TASK DATA:
+ + + + +

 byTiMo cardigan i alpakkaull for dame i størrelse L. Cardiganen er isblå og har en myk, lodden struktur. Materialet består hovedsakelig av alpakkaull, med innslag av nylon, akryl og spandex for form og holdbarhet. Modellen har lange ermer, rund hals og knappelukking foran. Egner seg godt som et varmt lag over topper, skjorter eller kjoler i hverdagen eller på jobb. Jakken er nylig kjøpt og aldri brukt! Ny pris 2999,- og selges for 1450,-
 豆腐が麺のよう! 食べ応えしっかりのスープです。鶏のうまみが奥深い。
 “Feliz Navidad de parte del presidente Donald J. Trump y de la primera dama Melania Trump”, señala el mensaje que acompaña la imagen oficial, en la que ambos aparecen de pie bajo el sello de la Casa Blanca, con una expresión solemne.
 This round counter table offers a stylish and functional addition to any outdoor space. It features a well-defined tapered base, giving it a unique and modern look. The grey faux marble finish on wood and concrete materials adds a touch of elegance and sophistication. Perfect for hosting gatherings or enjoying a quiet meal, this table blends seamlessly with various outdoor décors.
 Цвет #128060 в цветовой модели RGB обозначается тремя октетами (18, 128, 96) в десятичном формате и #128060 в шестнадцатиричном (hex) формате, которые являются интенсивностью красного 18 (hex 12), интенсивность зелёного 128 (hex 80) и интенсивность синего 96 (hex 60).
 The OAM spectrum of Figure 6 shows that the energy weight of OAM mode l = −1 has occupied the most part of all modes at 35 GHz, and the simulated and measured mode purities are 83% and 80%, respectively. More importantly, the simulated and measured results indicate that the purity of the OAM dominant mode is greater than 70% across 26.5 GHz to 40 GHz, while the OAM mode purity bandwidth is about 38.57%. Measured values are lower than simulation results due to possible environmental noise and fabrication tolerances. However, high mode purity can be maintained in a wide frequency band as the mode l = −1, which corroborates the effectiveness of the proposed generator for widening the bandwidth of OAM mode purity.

+ + + + +

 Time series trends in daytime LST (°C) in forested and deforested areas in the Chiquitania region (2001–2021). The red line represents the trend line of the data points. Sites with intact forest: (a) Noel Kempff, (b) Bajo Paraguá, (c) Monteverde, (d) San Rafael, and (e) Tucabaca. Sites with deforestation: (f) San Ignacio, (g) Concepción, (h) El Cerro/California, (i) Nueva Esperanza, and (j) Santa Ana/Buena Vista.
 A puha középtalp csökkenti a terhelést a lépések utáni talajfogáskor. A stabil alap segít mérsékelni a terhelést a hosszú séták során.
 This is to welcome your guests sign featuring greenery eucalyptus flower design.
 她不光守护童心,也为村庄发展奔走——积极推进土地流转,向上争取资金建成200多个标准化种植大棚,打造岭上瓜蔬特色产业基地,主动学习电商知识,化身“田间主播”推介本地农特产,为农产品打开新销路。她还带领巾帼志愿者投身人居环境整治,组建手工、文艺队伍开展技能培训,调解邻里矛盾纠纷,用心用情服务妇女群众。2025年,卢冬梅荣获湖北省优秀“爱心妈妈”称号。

+ + + + +

PROBLEM:
Send back exactly the lines of the listing above starting at the one with "byTiMo cardigan i" and ending at the one with "豆腐が麺のよう! 食べ応えしっかりのスープです。鶏のうまみが奥深い。", inclusive, and no others.

RESPONSE TO THIS EXERCISE:
 byTiMo cardigan i alpakkaull for dame i størrelse L. Cardiganen er isblå og har en myk, lodden struktur. Materialet består hovedsakelig av alpakkaull, med innslag av nylon, akryl og spandex for form og holdbarhet. Modellen har lange ermer, rund hals og knappelukking foran. Egner seg godt som et varmt lag over topper, skjorter eller kjoler i hverdagen eller på jobb. Jakken er nylig kjøpt og aldri brukt! Ny pris 2999,- og selges for 1450,-
 豆腐が麺のよう! 食べ応えしっかりのスープです。鶏のうまみが奥深い。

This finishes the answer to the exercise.